* **How to complete this task**
Since only the written part is wanted, repeat the records exactly and omit the pictures.

+++ Dataset excerpts

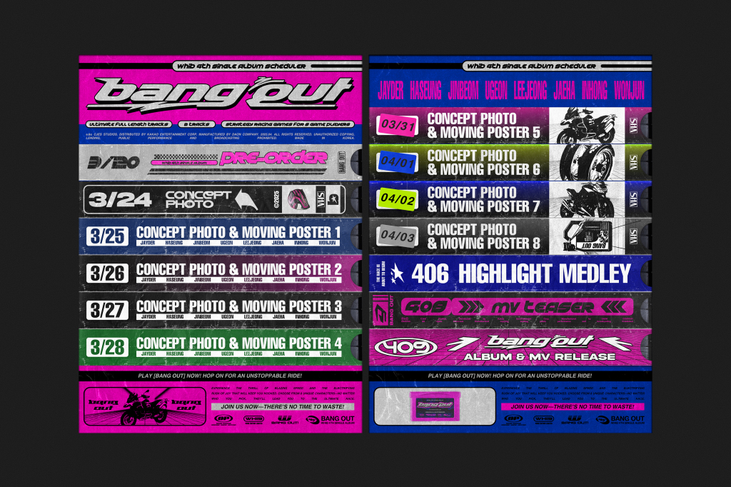앞서 콘셉트 스포일러 이미지를 공개하며 4월 9일 컴백 소식을 알린 휘브는 이전 앨범과는 사뭇 다른 분위기의 강렬한 '마젠타' 컬러로 가요계를 물들일 것을 암시했다. 또한 휘브는 네 번째 싱글 앨범 [BANG OUT]을 통해 8명의 멤버들이 한데 모여 게임 속 캐릭터로서의 변신을 예고한 상황. 휘브가 지닌 잠재력으로 이번 앨범을 통해 무한한 성장과 가능성을 어떻게 입증할지 궁금증과 기대감을 모은다.
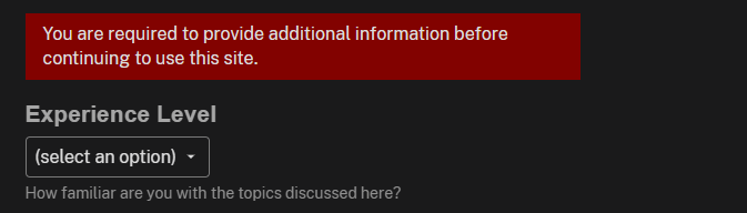 Would you rather users potentially lie about their experience level or have a Trust and Safety-like system that makes the determination, at this point it can’t be inbetween.
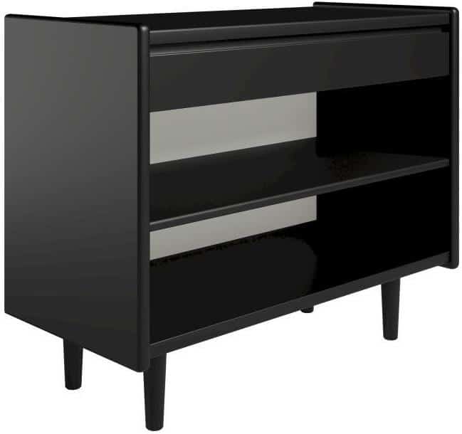 Krone 80 cm bredt sengebord sort lakeret med 1 hylde og 1 skuffe – Dansk produceret. 47 cm dybde Træben
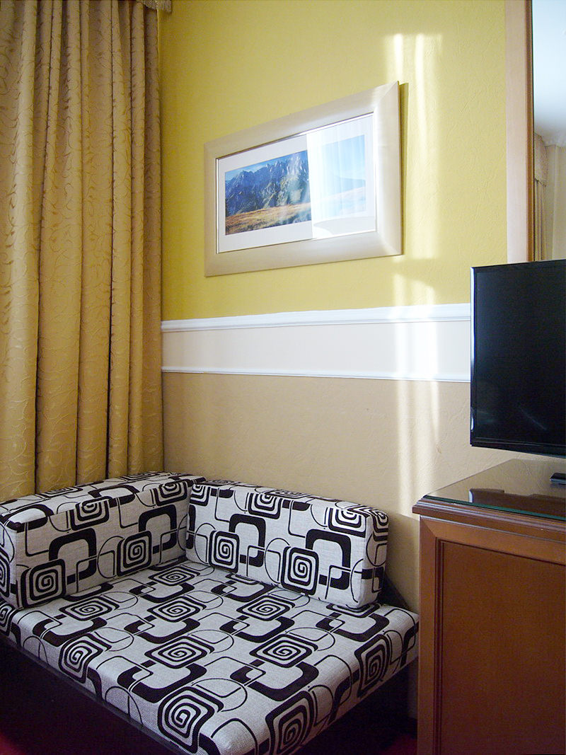 В номере есть Wi-Fi, телефон и ТВ. Из мебели имеются: журнальный столик, зеркало, письменный стол, стулья, тумбочки прикроватные, шкаф для одежды.
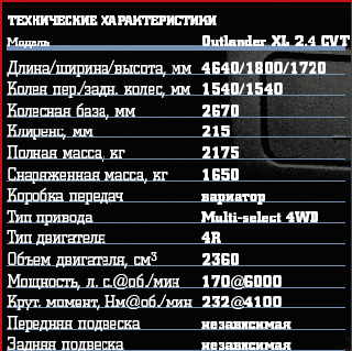 J'avoue que XL est l'une de mes voitures préférées dans cette classe. Une fois que j'ai eu la chance de le monter dans une zone croisée pendant trois jours consécutifs, et des souvenirs chaleureux de ce voyage étaient encore en vie. Certes, c'était un Outlander à trois litres. Et aujourd'hui, je vous rappelle, nous avons un moteur à essence avec un volume de travail de 2,4 litres le résultat d'un projet conjoint du moteur mondial de Mitsubishi Motors Corporation, DaimlerChrysler et Hyundai
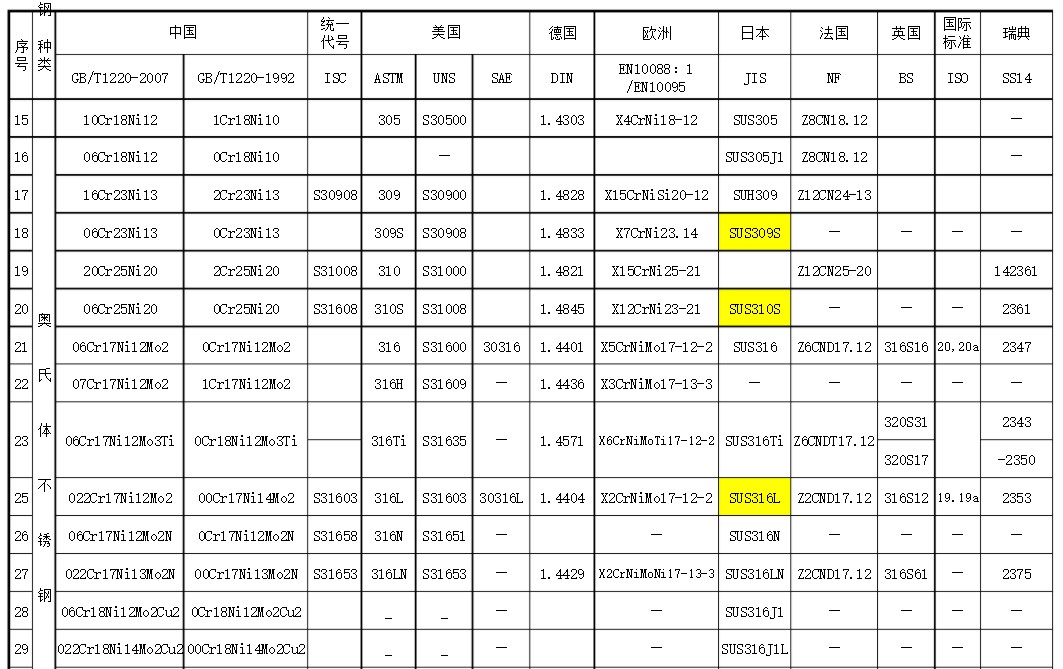 本文基于上述文章,主要是為大家呈現(xiàn)國內(nèi)國外對于流量開關(guān)不銹鋼材質(zhì)所用的一些型號區(qū)別。可見下圖。
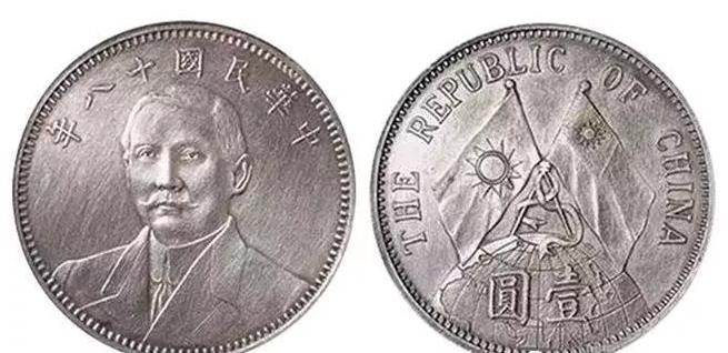 除了以上几种,还有非常特殊的一枚“中华民国十八年”银元,这种银元的背面是半圈的地球,上面插了两枚旗帜,刻有“壹圆”两个字,这种银元能够在许多银元中脱颖而出,除了精美的制作和构图,它还表达了爱国主义情怀!
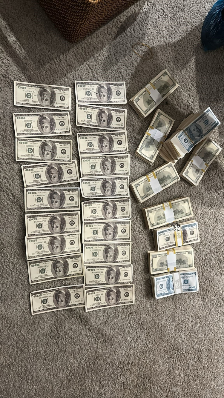 Üzerinde ve altında 100’er dolar bulunan boş kağıtlarla oluşturulmuş 9 deste,
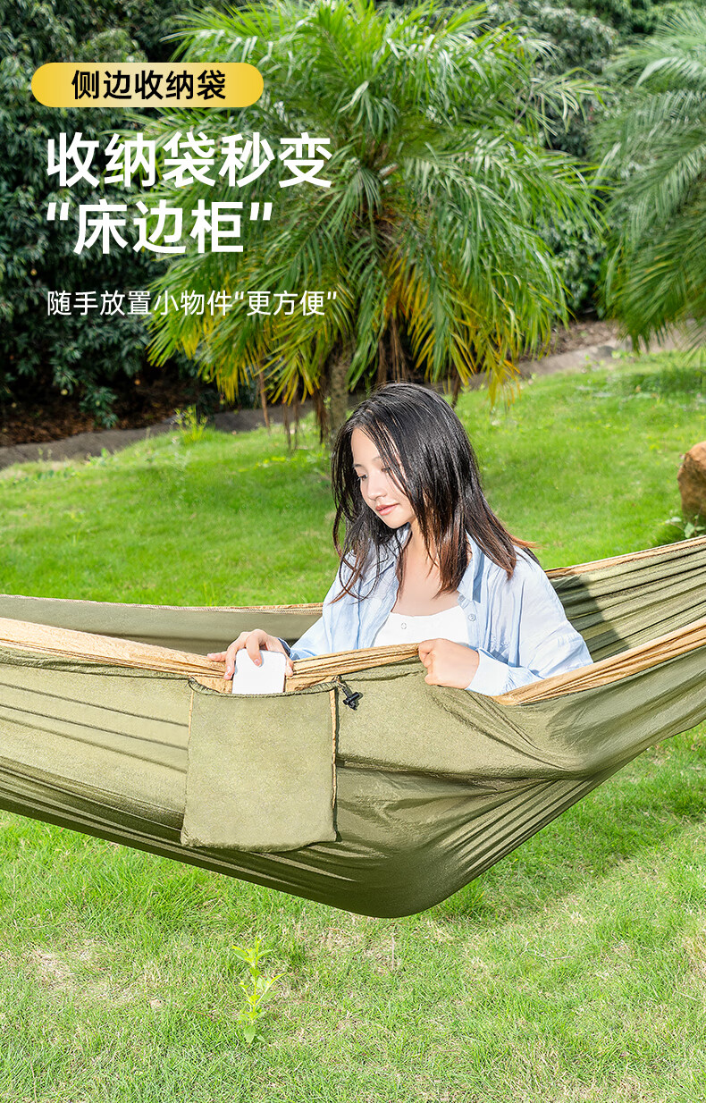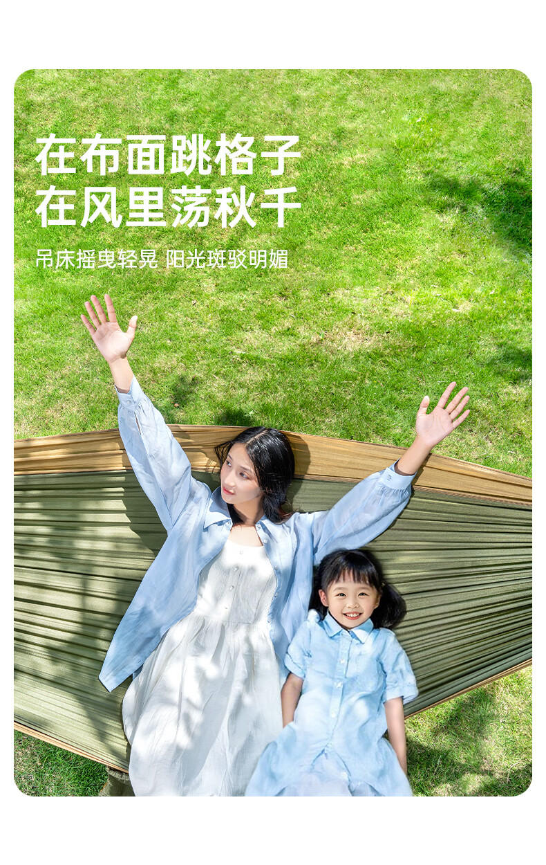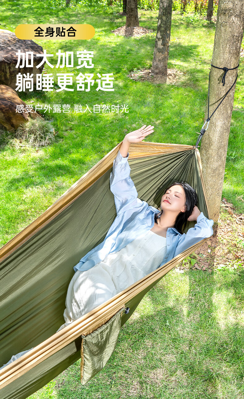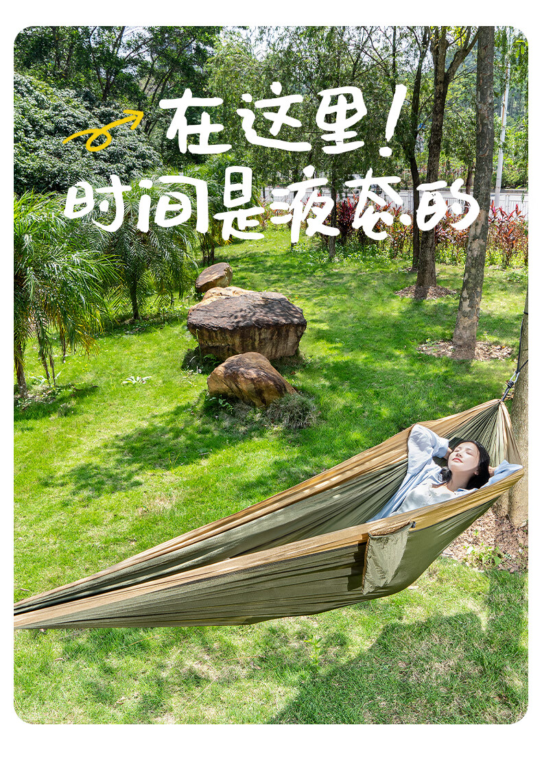盛源 户外降落伞布吊床 轻便 野外露营休闲秋千有加粗绑绳 挂扣 双人 墨绿配果绿
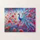 Abstrakter Pfau mit Papaya und Kornblumen Puzzle
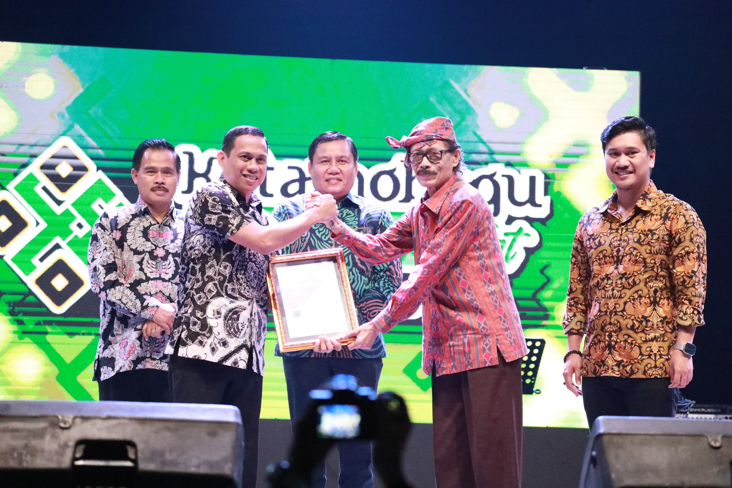 Pada kesempatan yang sama, dilakukan pula penyerahan Surat Pencatatan Kekayaan Intelektual Komunal dari Kementerian Hukum dan HAM Republik Indonesia untuk alat musik tradisional Rababo.
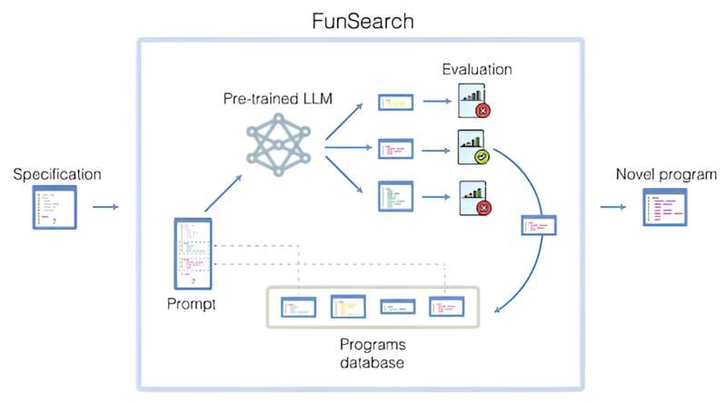 Citation: A means for searching for new solutions in mathematics and computer science using an LLM and an evaluator (2023, December 15) retrieved 15 December 2023 from https://techxplore.com/news/2023-12-solutions-mathematics-science-llm.html This document is subject to copyright. Apart from any fair dealing for the purpose of private study or research, no part may be reproduced without the written permission. The content is provided for information purposes only.
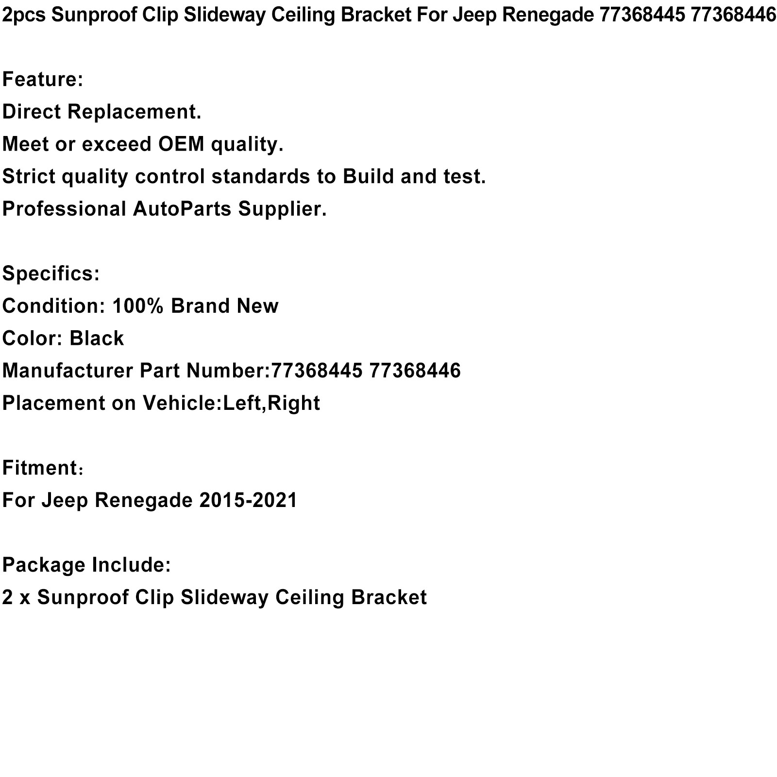 2pcs Sunproof Clip Slideway Ceiling Bracket For Jeep Renegade 77368445 77368446 2 x Sunproof Clip Slideway Ceiling Bracket France 2 PCS Jeep Renegade 77368445 77368446 pince solaire Caractéristiques: Remplacement direct. Atteindre ou dépasser la qualité OEM. Établir et tester des normes strictes de contrôle de la qualité. Fournisseur professionnel de pièces automobiles. Détails: Condition: 100% NEUF Couleur: noir Numéro de pièce du fabricant: 77368445 77368446 Placer sur le véhicule: à gauche, à droite Décoration: Jeep Renegade 2015 - 2021 Le forfait comprend: 2 supports de plafond de diapositives à clip solaire
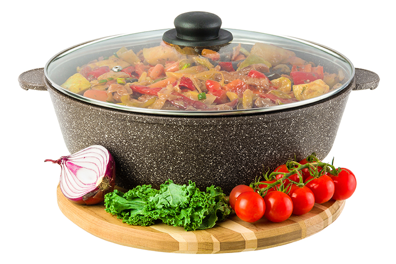 Без акции 4083 руб! Жаровня (сотейник) 32 см 5,5 л ГАРМОНИЯ ВКУСА "Серый агат" С КРЫШКОЙ ф32, 38,5*33*15 см
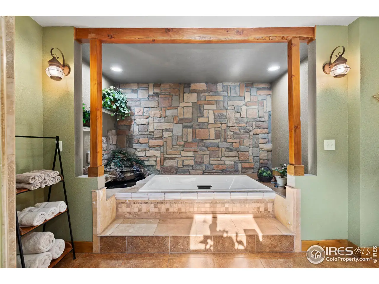 • Step-in hot tub with serene waterfall
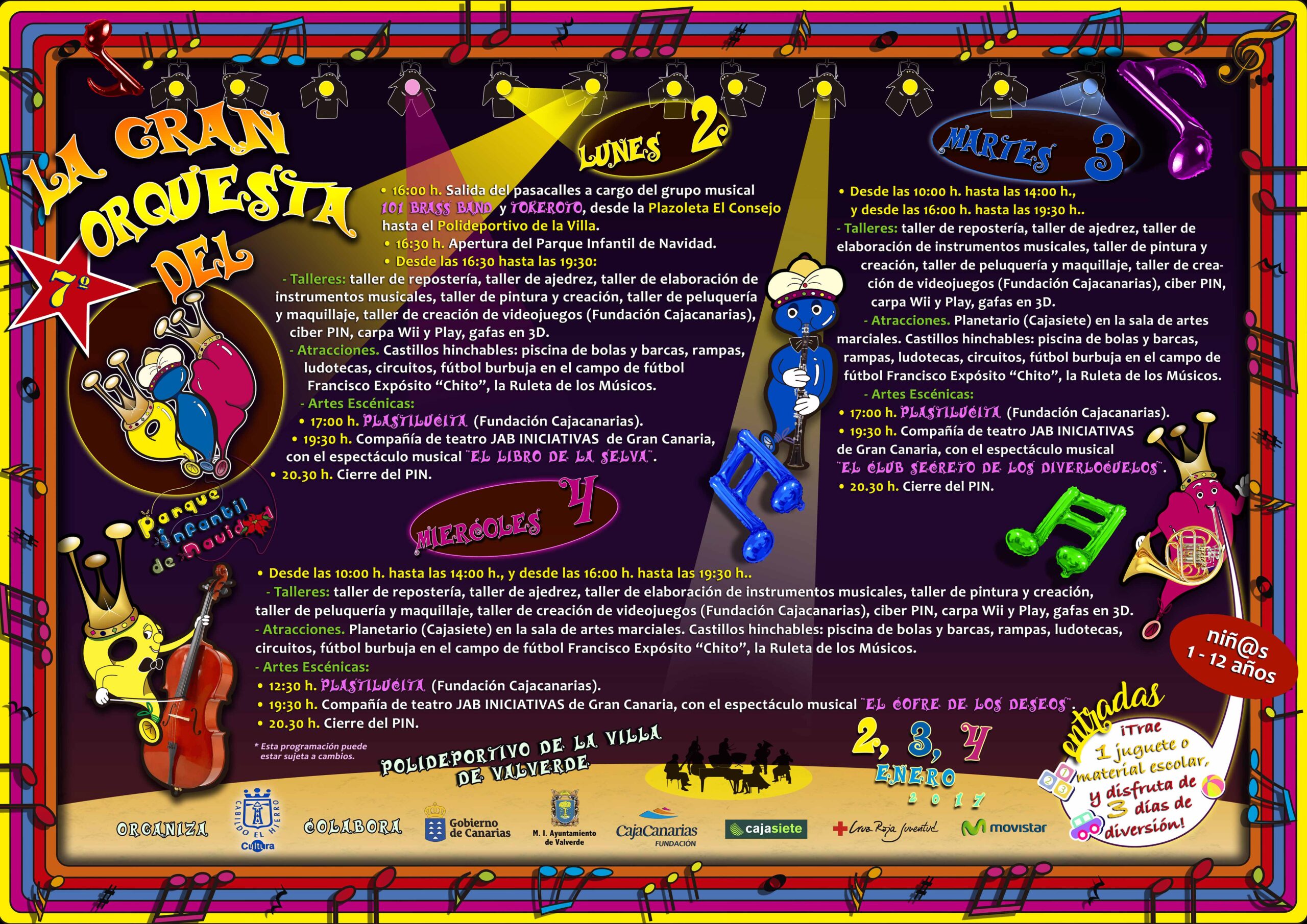 Hoy lunes 2 de enero se llevará a cabo, a las 16:00 horas, un pasacalles desde la plazoleta El Consejo hasta el polideportivo de Valverde a cargo del grupo musical 101 Brass Band y Tokeroto, como antesala a la apertura de este Parque Infantil, prevista para las 16:30 horas.

++++++

* **Response area**
앞서 콘셉트 스포일러 이미지를 공개하며 4월 9일 컴백 소식을 알린 휘브는 이전 앨범과는 사뭇 다른 분위기의 강렬한 '마젠타' 컬러로 가요계를 물들일 것을 암시했다. 또한 휘브는 네 번째 싱글 앨범 [BANG OUT]을 통해 8명의 멤버들이 한데 모여 게임 속 캐릭터로서의 변신을 예고한 상황. 휘브가 지닌 잠재력으로 이번 앨범을 통해 무한한 성장과 가능성을 어떻게 입증할지 궁금증과 기대감을 모은다.
 Would you rather users potentially lie about their experience level or have a Trust and Safety-like system that makes the determination, at this point it can’t be inbetween.
 Krone 80 cm bredt sengebord sort lakeret med 1 hylde og 1 skuffe – Dansk produceret. 47 cm dybde Træben
 В номере есть Wi-Fi, телефон и ТВ. Из мебели имеются: журнальный столик, зеркало, письменный стол, стулья, тумбочки прикроватные, шкаф для одежды.
 J'avoue que XL est l'une de mes voitures préférées dans cette classe. Une fois que j'ai eu la chance de le monter dans une zone croisée pendant trois jours consécutifs, et des souvenirs chaleureux de ce voyage étaient encore en vie. Certes, c'était un Outlander à trois litres. Et aujourd'hui, je vous rappelle, nous avons un moteur à essence avec un volume de travail de 2,4 litres le résultat d'un projet conjoint du moteur mondial de Mitsubishi Motors Corporation, DaimlerChrysler et Hyundai
 本文基于上述文章,主要是為大家呈現(xiàn)國內(nèi)國外對于流量開關(guān)不銹鋼材質(zhì)所用的一些型號區(qū)別。可見下圖。
 除了以上几种,还有非常特殊的一枚“中华民国十八年”银元,这种银元的背面是半圈的地球,上面插了两枚旗帜,刻有“壹圆”两个字,这种银元能够在许多银元中脱颖而出,除了精美的制作和构图,它还表达了爱国主义情怀!
 Üzerinde ve altında 100’er dolar bulunan boş kağıtlarla oluşturulmuş 9 deste,
盛源 户外降落伞布吊床 轻便 野外露营休闲秋千有加粗绑绳 挂扣 双人 墨绿配果绿
 Abstrakter Pfau mit Papaya und Kornblumen Puzzle
 Pada kesempatan yang sama, dilakukan pula penyerahan Surat Pencatatan Kekayaan Intelektual Komunal dari Kementerian Hukum dan HAM Republik Indonesia untuk alat musik tradisional Rababo.
 Citation: A means for searching for new solutions in mathematics and computer science using an LLM and an evaluator (2023, December 15) retrieved 15 December 2023 from https://techxplore.com/news/2023-12-solutions-mathematics-science-llm.html This document is subject to copyright. Apart from any fair dealing for the purpose of private study or research, no part may be reproduced without the written permission. The content is provided for information purposes only.
 2pcs Sunproof Clip Slideway Ceiling Bracket For Jeep Renegade 77368445 77368446 2 x Sunproof Clip Slideway Ceiling Bracket France 2 PCS Jeep Renegade 77368445 77368446 pince solaire Caractéristiques: Remplacement direct. Atteindre ou dépasser la qualité OEM. Établir et tester des normes strictes de contrôle de la qualité. Fournisseur professionnel de pièces automobiles. Détails: Condition: 100% NEUF Couleur: noir Numéro de pièce du fabricant: 77368445 77368446 Placer sur le véhicule: à gauche, à droite Décoration: Jeep Renegade 2015 - 2021 Le forfait comprend: 2 supports de plafond de diapositives à clip solaire
 Без акции 4083 руб! Жаровня (сотейник) 32 см 5,5 л ГАРМОНИЯ ВКУСА "Серый агат" С КРЫШКОЙ ф32, 38,5*33*15 см
 • Step-in hot tub with serene waterfall
 Hoy lunes 2 de enero se llevará a cabo, a las 16:00 horas, un pasacalles desde la plazoleta El Consejo hasta el polideportivo de Valverde a cargo del grupo musical 101 Brass Band y Tokeroto, como antesala a la apertura de este Parque Infantil, prevista para las 16:30 horas.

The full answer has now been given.